§ **TASK OBJECTIVE**
Exactly the lines from the first line of the records to the line holding "宛如動漫場景!河南2000米山頂矗立3座金殿,巧奪天工似人間仙境" should be duplicated, and nothing more; pictures stay out.

Items from a data source
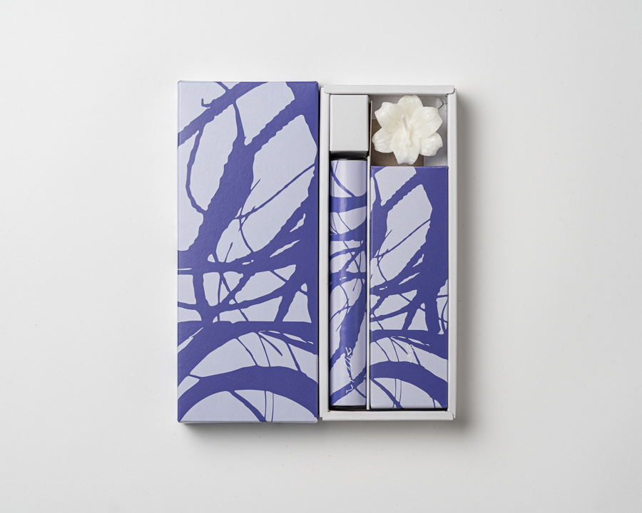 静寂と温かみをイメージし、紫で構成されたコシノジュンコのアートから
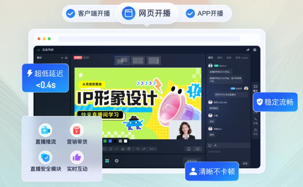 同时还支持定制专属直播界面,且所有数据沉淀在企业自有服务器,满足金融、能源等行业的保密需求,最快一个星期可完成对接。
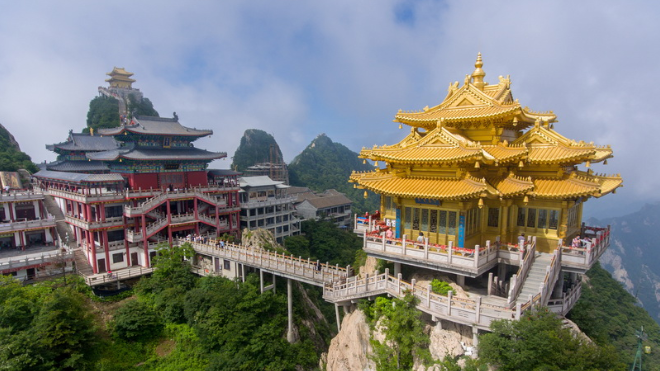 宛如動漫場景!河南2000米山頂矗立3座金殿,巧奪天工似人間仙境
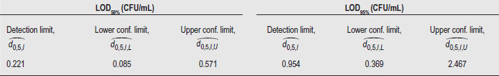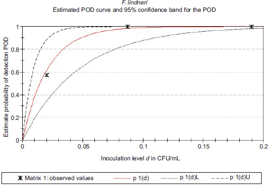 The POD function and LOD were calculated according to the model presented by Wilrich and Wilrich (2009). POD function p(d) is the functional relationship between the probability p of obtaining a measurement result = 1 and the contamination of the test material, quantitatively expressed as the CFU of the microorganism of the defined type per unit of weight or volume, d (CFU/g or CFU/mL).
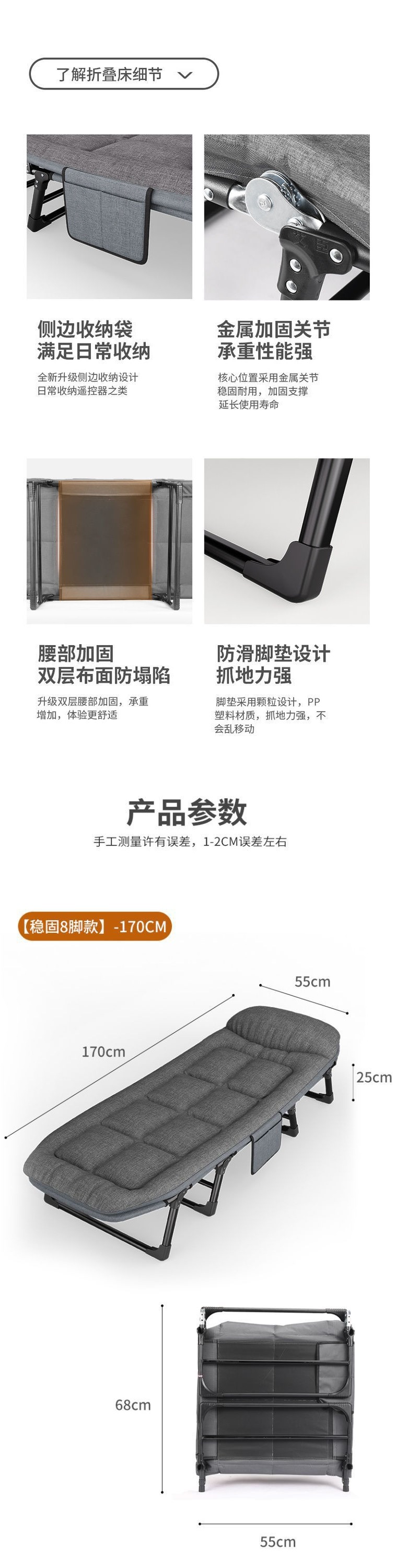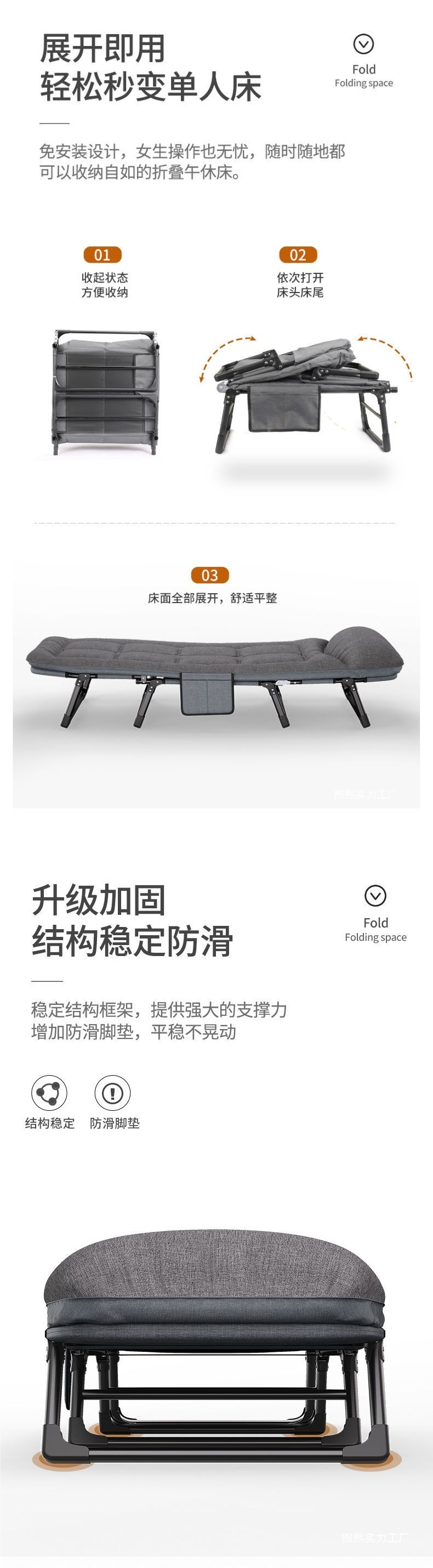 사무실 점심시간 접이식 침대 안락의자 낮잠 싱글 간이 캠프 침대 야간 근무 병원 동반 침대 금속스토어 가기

§ **ANSWER TO THIS EXERCISE**
 静寂と温かみをイメージし、紫で構成されたコシノジュンコのアートから
 同时还支持定制专属直播界面,且所有数据沉淀在企业自有服务器,满足金融、能源等行业的保密需求,最快一个星期可完成对接。
 宛如動漫場景!河南2000米山頂矗立3座金殿,巧奪天工似人間仙境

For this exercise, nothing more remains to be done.